Avoid Common Payroll Mistakes
When asked about the biggest mistakes made on payroll and payroll taxes at the end of the year, both Krista and Randi noted that many business owners make the mistake of paying out bonuses, holiday gifts, and other fringe benefits incorrectly. Bonuses need to be treated as taxable income and should technically face the same payroll and tax withholdings as a regular employee paycheck. Scrutiny around bonuses and fringe benefits by the IRS has increased in recent years, which is why it’s extra important to ensure employees are being paid accordingly for these benefits. Another mistake that Krista sees frequently is small business owners confusing vendors and employees. While it may seem harmless, there are different standards and laws to follow when it comes to paying an employee, an independent contractor or a vendor. Mixing these up may lead to costly consequences a small business owner might not be prepared for.

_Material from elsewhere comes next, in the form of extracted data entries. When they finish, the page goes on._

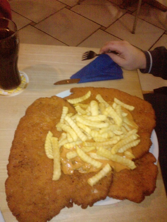Quem estiver em Frankfurt, vale o passeio para conhecer o restaurante que fica a uns 20 km da cidade e que serve frangos de 15 quilos, hambúrgueres com 30 centímetros de diâmetro, Schnitzel (bife de porco empanado) com 2,35 quilos (do tamanho de uma tábua de churrasco)… Mas é preciso fazer reserva, porque o lugar é concorridíssmo!
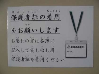 明日は土曜授業「避難訓練・防災・減災学習・引き渡し訓練」です。学校にお越しになられるときは、保護者証を持参していただき、校内では着用をお願いします。
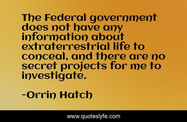 This page presents the quote "The Federal government does not have any information about extraterrestrial life to conceal, and there are no secret projects for me to investigate.". Author of this quote is Orrin Hatch. This quote is about me, information, life,.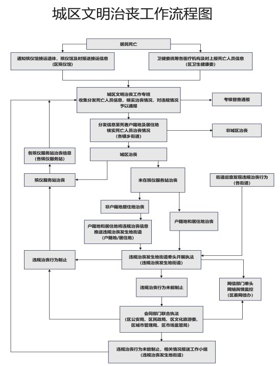 全面啟動街道全域文明治喪,街道全域治喪活動全部進入殯儀服務站,取消城區各臨時治喪點。轄區黨員、干部,尤其是行政企事業單位公職人員及其他財政資金供養人員、區人大代表、政協委員、黨外人士等,要切實發揮示范引領作用,帶動實現城區文明治喪。專班辦公室加強火化人員信息流轉跟蹤,指導逝者戶籍地、居住地和治喪活動發生地社區開展勸導引導,定期對城區文明治喪情況進行通報(工作流程詳見附件2)。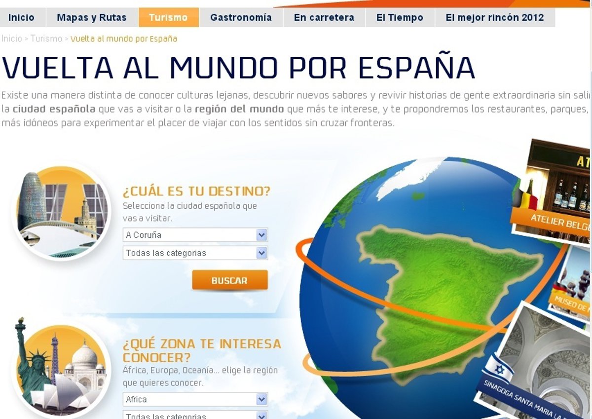 'Vuelta al Mundo por España', así se denomina el espacio diseñado por la Guiarepsol.com, que permite al viajero acercarse a culturas exóticas, descubrir nuevos sabores y visitar lugares insólitos sin tener que cruzar nuestras fronteras.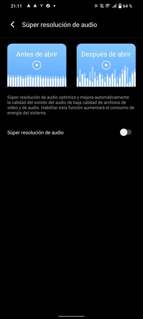 También tenemos una opción llamada “Súper resolución de audio” que optimiza y mejora la calidad de sonido del audio de baja calidad de manera automática, obviamente activar esto aumenta el consumo de energía.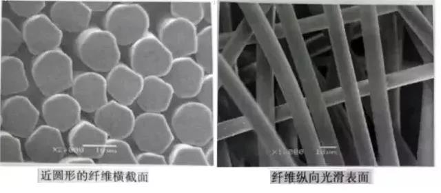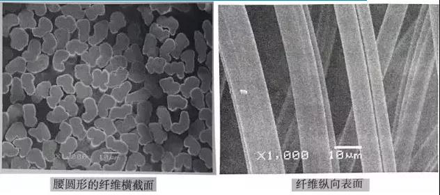 普通粘膠纖維復(fù)雜成型過程的不均勻性會(huì)使常規(guī)粘膠纖維的橫截面呈腰圓形或無規(guī)則狀,內(nèi)部有孔洞,縱向有無規(guī)則溝槽。粘膠具有優(yōu)良的吸濕性、易染性,但是其模量、強(qiáng)度較低,尤其是濕強(qiáng)度低。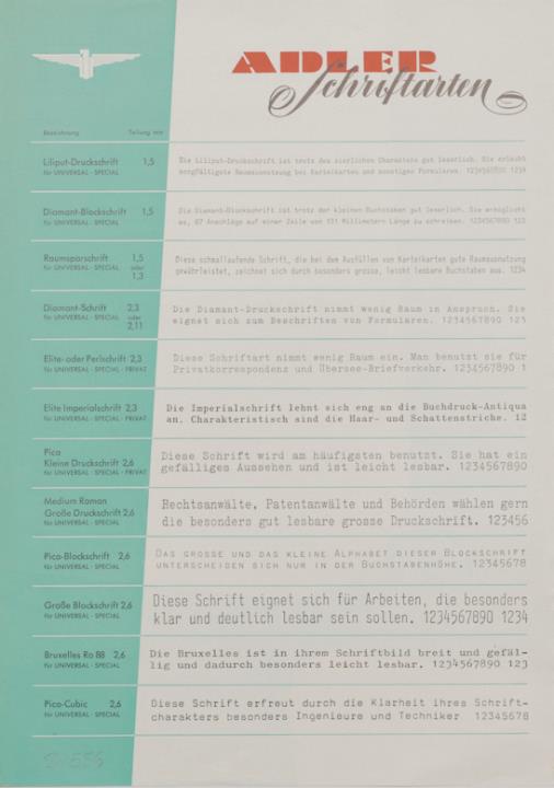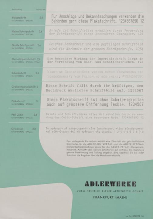 Prospekt mit allen angebotenen Schriftarten für Adler Schreibmaschinen Lg. Nr. 02502/258 (14)

Krista also notes that many entrepreneurs don’t create employee handbooks, which can help establish guidelines when it comes to the end of year paid-time-off and end of year bonuses. She stresses that if you have employees with unused PTO that doesn’t roll over, it’s better to offer a pay-out option rather than have all your employees scramble to take their vacation days before the end of the year. There is also the option to let your employees vacation time roll over into the following year.
Consider an Accountant or Bookkeeper for Year-End Prep
We’ve been touching on this throughout the article, but if you’re still not sold on how an accountant or bookkeeper can make year-end easier, we have a few more arguments for you to consider. Both Krista and Randi are available to their clients year-round, meaning they aren’t going to drop their clients when tax deadlines hit. Randi said that she has some clients who have complicated returns, or file taxes on a quarterly basis, so she is always checking in with them to see how they are doing and offer her guidance. Krista also stays in touch with her clients during the year and will check in monthly with some of her clients, asking questions about their finances each time to keep things on track. As to not overwhelm her clients, she will only ask a few questions with each email, but when tax filing does come, they have to know where they stand on most subjects. At the end of the day, remember that an accountant or bookkeeper is an asset to your small business. They will help you manage cash flow, guide you in the right direction to make sure you’re reaching your financial goals, and overall keep you financially stable.